1. Moderate English editing is required.

We tried to improve the manuscript.

2. The lack of specific subject. Is it for bone regeneration or skin?

Thank you for your valuable comment. Indeed, we did not state the objectives of the study in the Introduction sufficiently clear. The aim of our study was not the differentiation of cells into any tissue. The scaffold was used for the implantation of proliferating MSCs to attract the body's own cells to the implant zone. The relevant sections have been modified accordingly.

3. In figure 2, it seems there is no difference between 100 and 600 micrometer thickness in porosity.

That’s right. The difference in porosity between 100 µm and 600 µm scaffolds is faint and subjective. These images are mainly illustrative, thus we used CLSM in order to estimate the porosity parameters.

4. If figure 5, poor quality of images specially for panel C and D.

We have changed Figure 5 c, d.

5. If goal is bone regeneration osteogenic marker need to be studied well.

Osteogenic differentiation was not the goal of our work, but the use of these scaffolds to replace bone defects may be the topic of our next study and will certainly require the study of this marker.

6. Scale bars for figure 5.

Thank you, done.

7. In figure 8 cells are bigger than 20 micrometers however in figure 7 panel D cells are smaller than 10 micrometer?!!!

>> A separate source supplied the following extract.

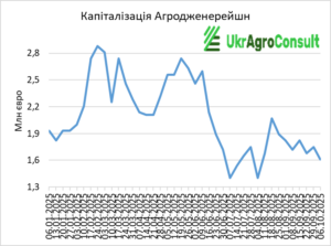 – «Агродженерейшн» – з 1,75 млн євро 29 вересня до 1,61 млн євро 6 жовтня (-8,0%);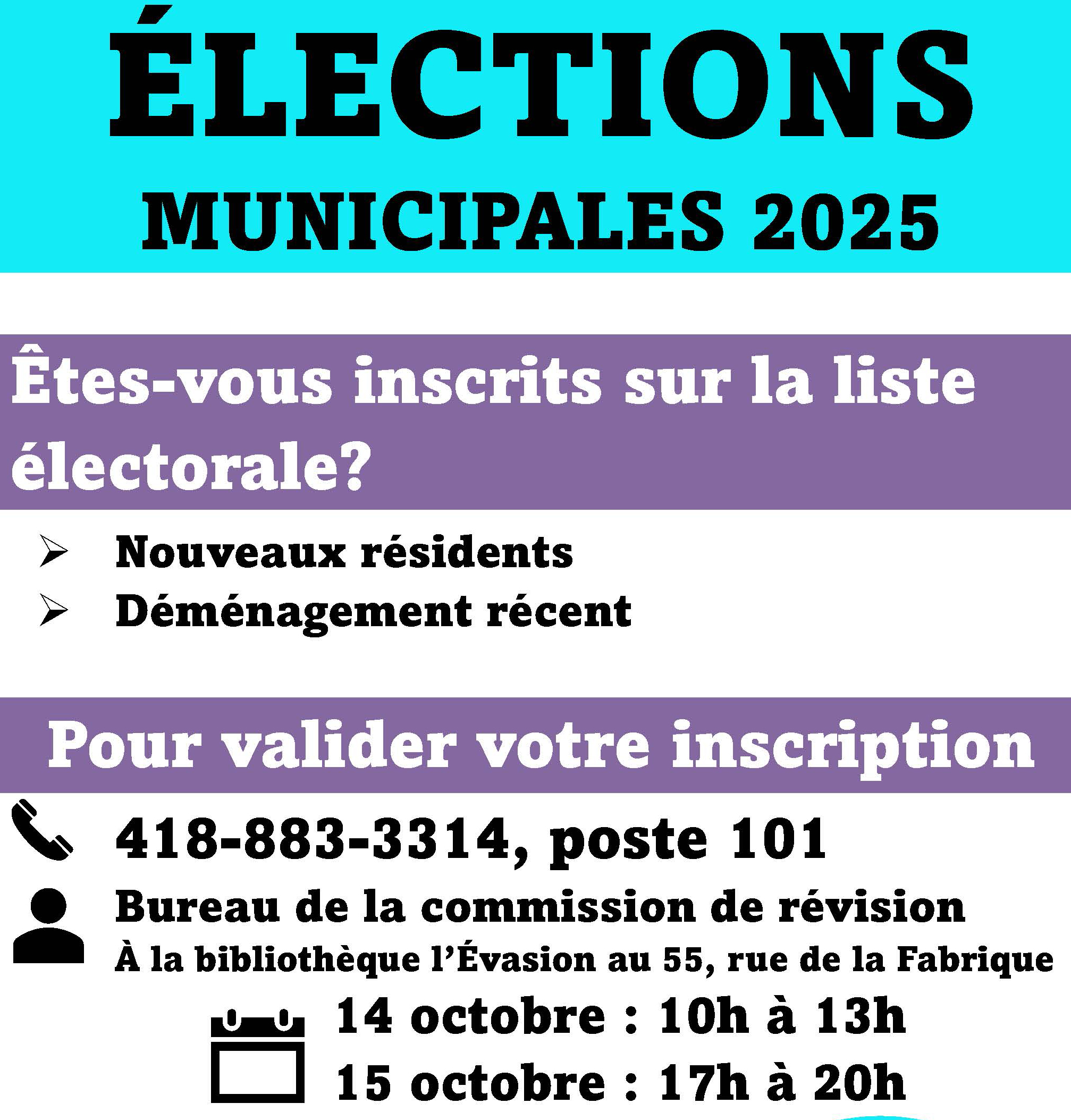 Vous possédez une propriété à Sainte-Claire sans y être domicilié ou une entreprise domiciliée à Sainte-Claire? Vous pouvez demander d’être inscrit sur la liste électorale par une demande d’inscription ou une demande de procuration. Nous faire parvenir d’ici le 15 octobre 2025 (étant le dernier jour fixé par la municipalité pour présenter une demande de modification devant la commission de révision de la liste électorale).

Indeed, cells visualized with fluorescence microscopy (Figure 8) appear bigger than the cells shown with SEM (Figure 7) due to different imaging conditions - SEM data was obtained in high vacuum mode, which led to the decrease in cell size. Moreover, all SEM images (Figure 7 A-D) demonstrate cells in the scaffolds, whereas in fluorescence images cells are more spread out in culture plate (Figure 8A) or on the surface of the matrix (Figure 8 B-D). Corresponding additions have been made to the manuscript (lines 1042-1047).

8. How authors chosen the amount of nanofibers for implantation? By weight or area?

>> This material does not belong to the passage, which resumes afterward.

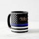 Chá / Café Mug: Thin Blue Line & American Flag (EUA) nome monograma, texto personalizado - imposição / temas policiais - ama meu país, patriotas / fãs esportivos

The amount of nanofibers for the implantation was chosen by area. In the recent paper by Rodina A.V., et. all. [“Migration and proliferative activity of mesenchymal stem cells in 3D polylactide scaffolds depends on cell seeding technique and collagen modification” Bull. Exp. Biol. Med. 2016, 162, 120–126] it was shown that the free volume of a scaffold with a thickness of 0.6 mm is 5.4x10-2 cm3, and with a thickness of 0.1 mm  is 9x10-3 cm). If it is worth adding to the text, in your opinion, we are ready to do it.

9. In figure 10 why the scale bare are different? Also, the quality of staining or imagining is poor. There is no similarity between pictures.

Thank you very much for the remark. We are sorry for the poor quality of Figures. We double checked the scale bars and changed them and several images in former Fig.10. In the new version of the text we combined Figure 9 and Figure 10. There was no similarity between the pictures, since the specimens were different in terms of thickness and the rate of scaffold degradation. Thus these differences are visible on histological sections.

10. What is propose from showing figure 10?

In former Fig.10 (after the revision - Fig.9c) we tried to demonstrate that in addition to the scaffold degradation rate, the cellular composition differs. In the 600 µm scaffold with MSCs, cells migrate best, since the hair follicles was not detected at the corresponding time in other matrices. It can also be seen that the replacement of the 600 µm scaffold with its own tissue is more efficient. The 100µm scaffold with MSC degrades too quickly.

Author Response File: Author Response.docx

Round 2

Reviewer 1 Report

The authors made revision and answered all open question sufficiently

Reviewer 3 Report

Since the manuscript is suffering from the lack of novelty and specific subject I believe it is not worth to accept this manuscript in journal with IF 4.96.

At least authors could introduce a specific subject and design several experiments based on the subject for example bone regeneration.

But unfortunately, authors simply did electrospinning and evaluate the biocompatibility like research in 19th century.